Many queries will get you to the same results.
The only difference then is the performance of each query.
Understanding how to make performant queries is a great skill for a data engineer. A data engineer who knows how to optimize queries can prevent bottlenecks, reduce costs, and ensure faster, more reliable access to the data.
A specific order
SELECT
statements follow a defined order of execution, where each step progressively reduces the volume of data processed, ultimately leading to a more efficient query. As each stage refines the dataset—filtering out unnecessary rows and columns—the overall query becomes faster and less resource-intensive.

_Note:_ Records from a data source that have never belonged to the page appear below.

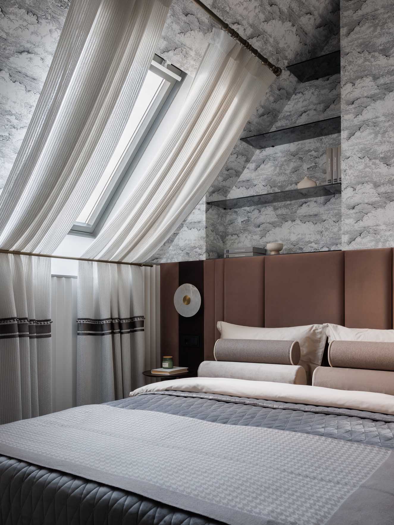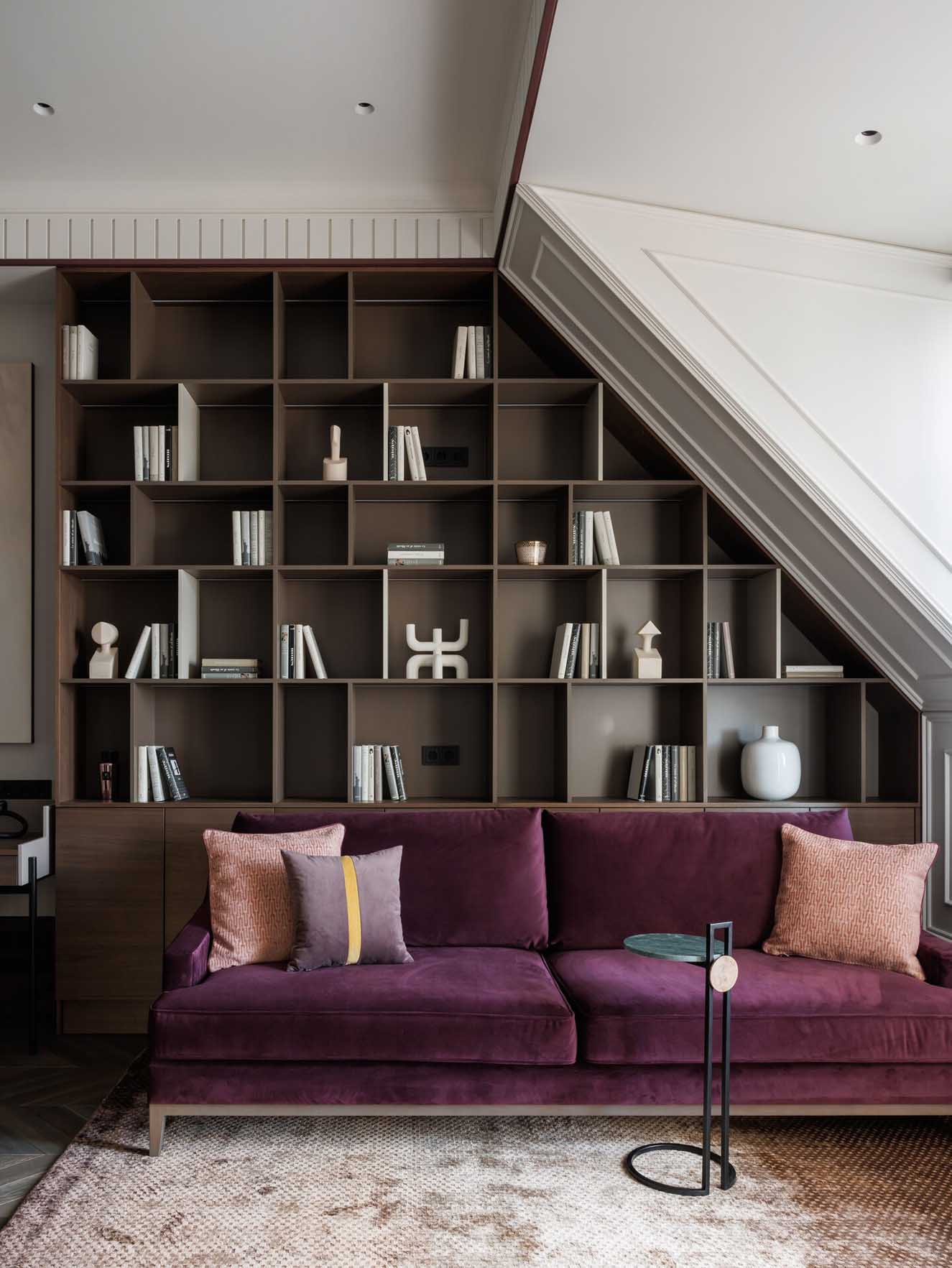 .A kétszobás, tetőtéri lakást egy fiatal doktornőnek rendezte be a lakberendező. Az alapkoncepció egy sötét tónusú, kifinomult színvilágú otthon megteremtése volt, ahol a hangsúly a nagy belmagasság kiemelésére és a praktikusan kialakított tárolórendszerekre helyeződik.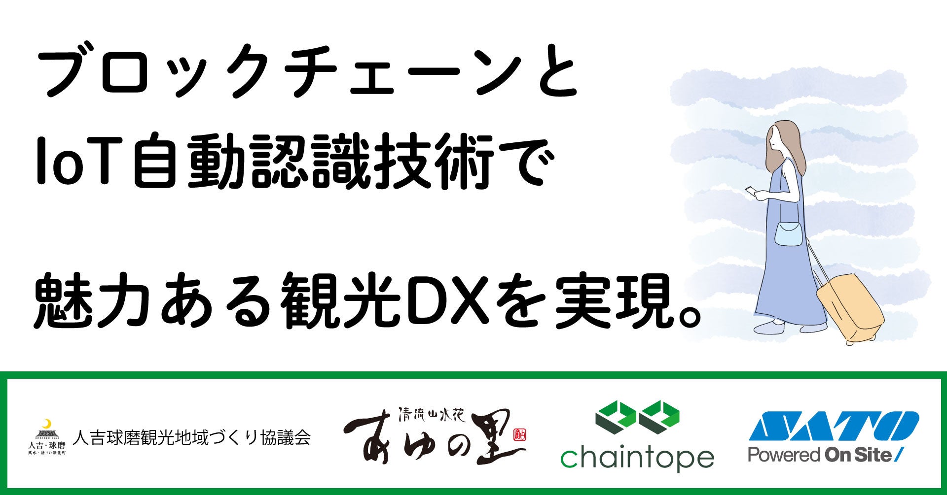 Chaintopeは、一般社団法人 人吉球磨観光地域づくり協議会(所在地:熊本県球磨郡あさぎり町、代表理事:松岡 隼人 以下、「人吉球磨観地協」)、清流山水花あゆの里(所在地:熊本県人吉市、代表取締役:有村 充広 以下、「あゆの里」)、株式会社サトー(本社:東京都港区、代表取締役:笹原 美徳 以下、「サトー」)と連携し、デジタルコンテンツ・データを活用した人吉球磨での観光客のリピート率向上の取り組みを実施します。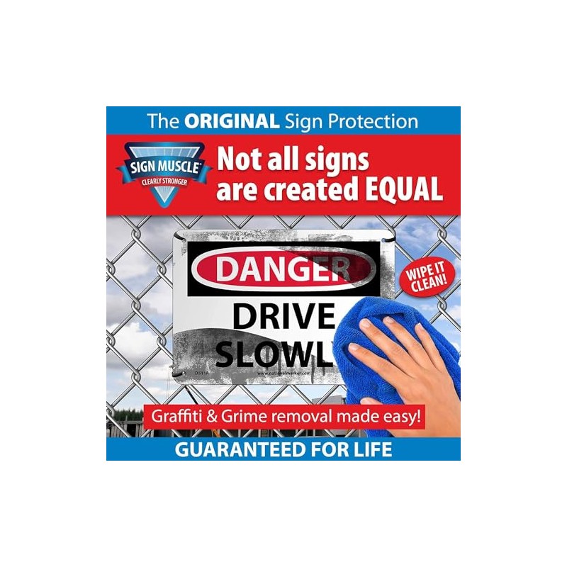 - Features Sign Muscle protective liquid laminate. Protects against the UV rays, chemical resistant, graffiti resistant. Extends the life of the product.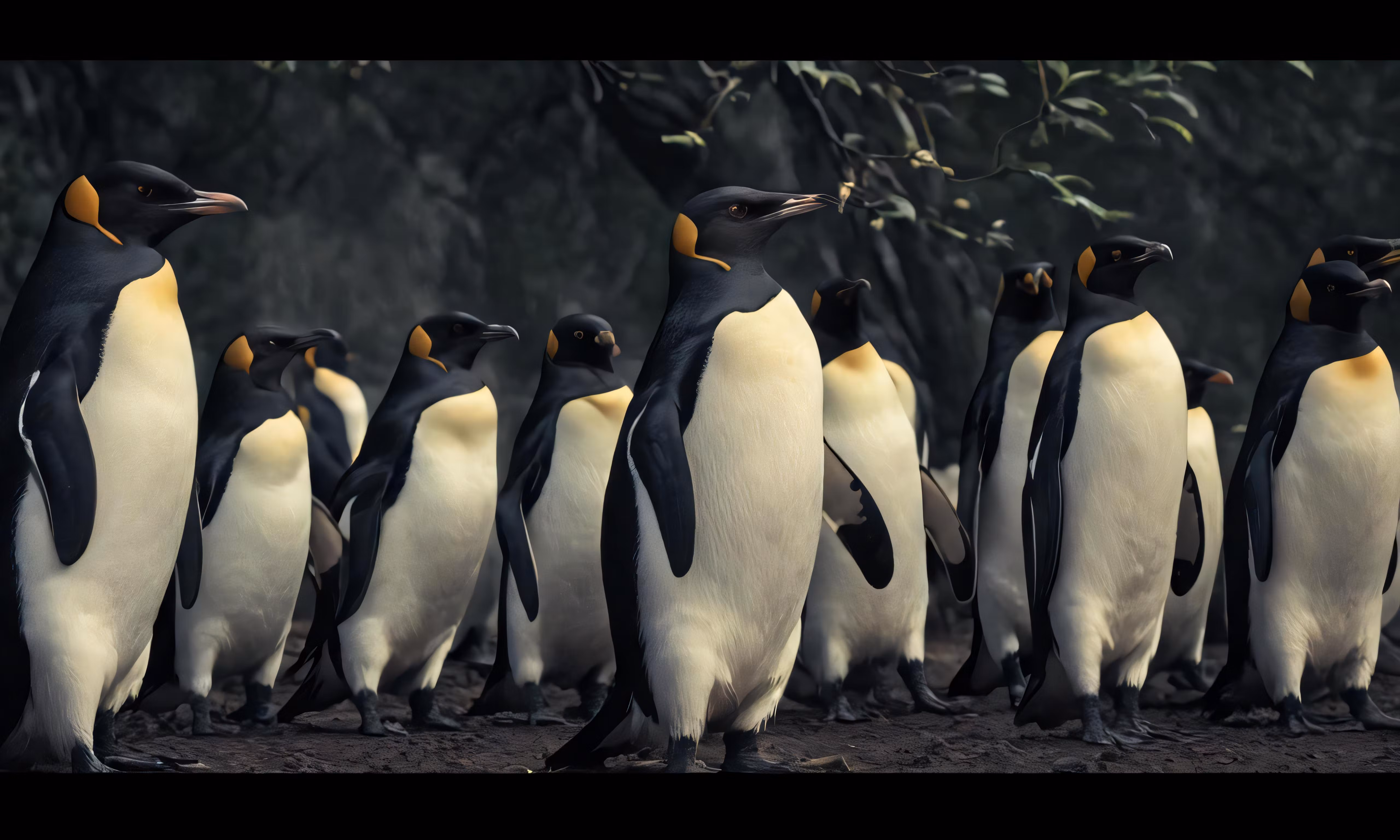 High resolution picture, free to use, large group of penguins all lined up in front of each other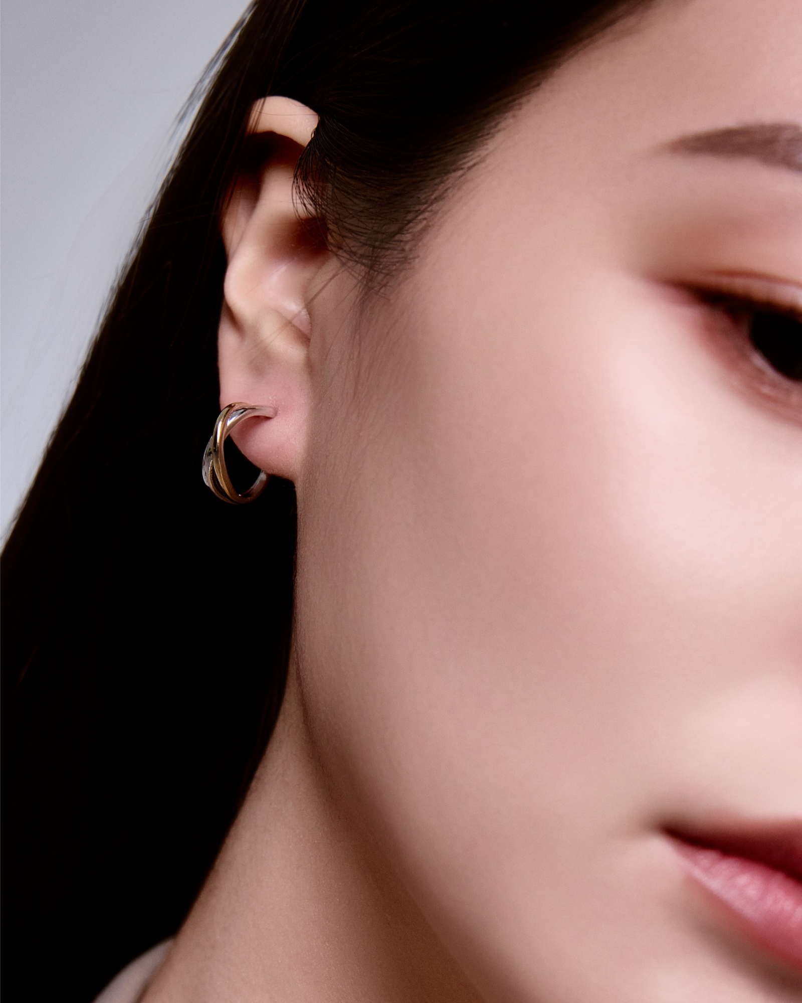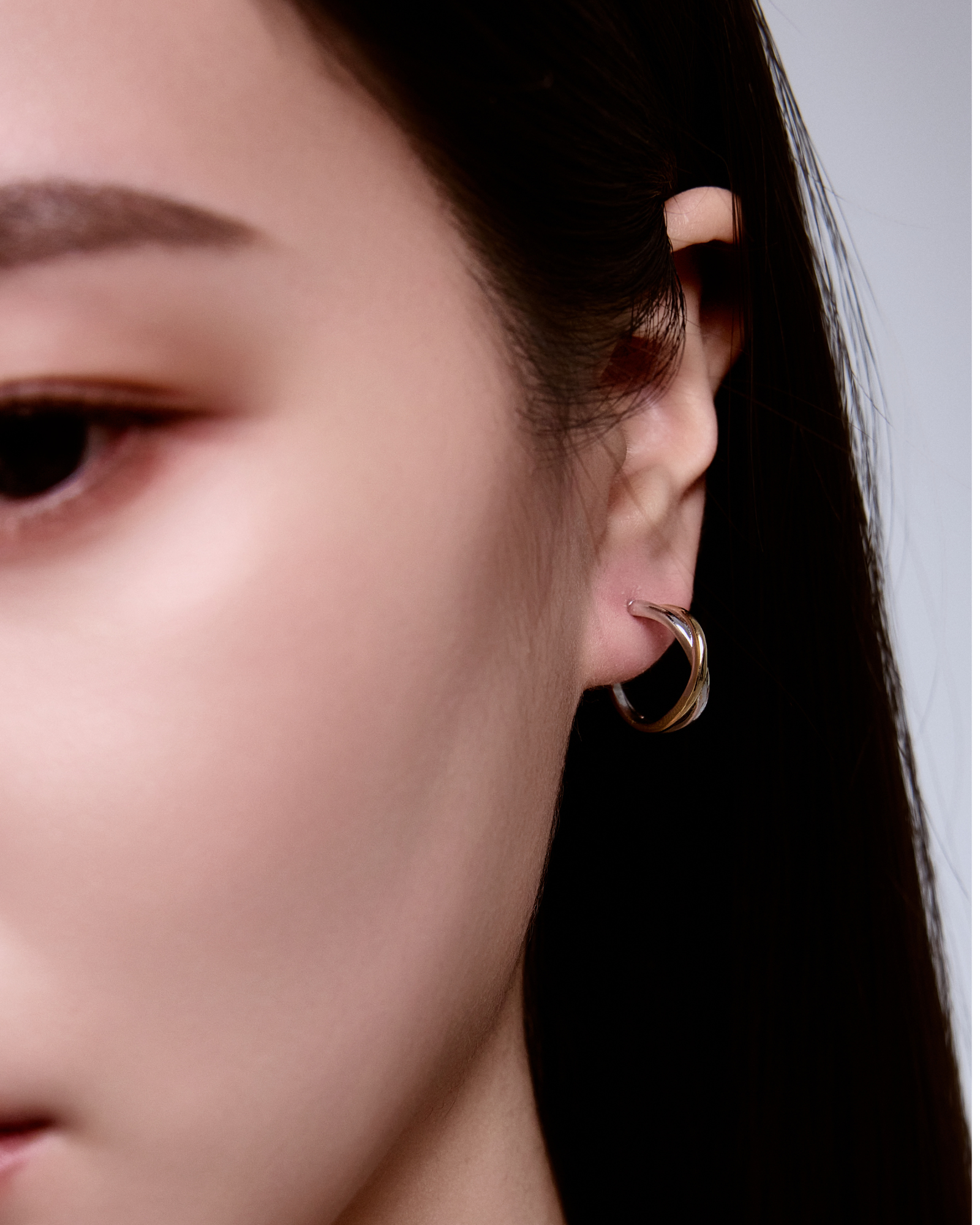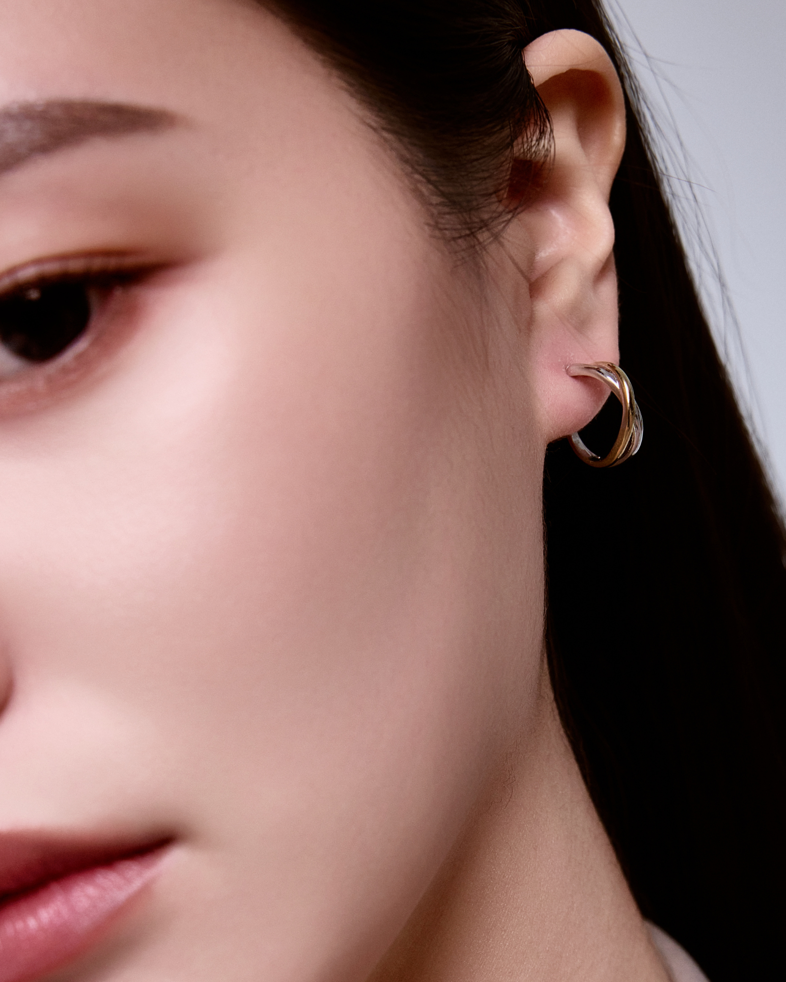 正面で交わる二重のラインが造形にリズムを刻む。アクセントゴールドとヴェールシルバーが生み出す繊細なグラデーションが造形の美しさを際立たせ、控えめなのに印象に残る仕上がりをつくります。

By understand the order of the operations, you can make sure to craft queries that filter out the maximum amount of data first, so that the rest of the operations happens on a slower subset of the data, making them faster and thus improving the performance of the overall query.
A mnemonic to remember
However, it is difficult for data engineers and data analyst to remember the order of the operations, me included, so I created this silly mnemonic:
“Friendly Jungle Walks Generate Happy Squirrel Dances On Logs”
The next time you’re struggling with performance on an SQL query, close your eyes, and picture yourself having a nice, friendly walk in the jungle. You brought a bag of nuts to feed the local squirrels. As they have recognized you, they dance happily on a log.
Each Capital letter correspond to an evaluation step of your SELECT query:
🐿️ Friendly - FROM
🐿️ Jungle - JOINs
🐿️ Walks - WHERE
🐿️ Generate - GROUP BY
🐿️ Happy - HAVING
🐿️ Squirrel - SELECT
🐿️ Dances - DISTINCT
🐿️ On - ORDER BY
🐿️ Logs - LIMIT
This should help you get started understanding the performance issue of your SQL SELECT query.
Training
I recommend doing the SQL 50 challenge from leetcode to train on how to craft SQL queries. The mnemonic will help you when dealing with performance-oriented queries.
Hope it helps :)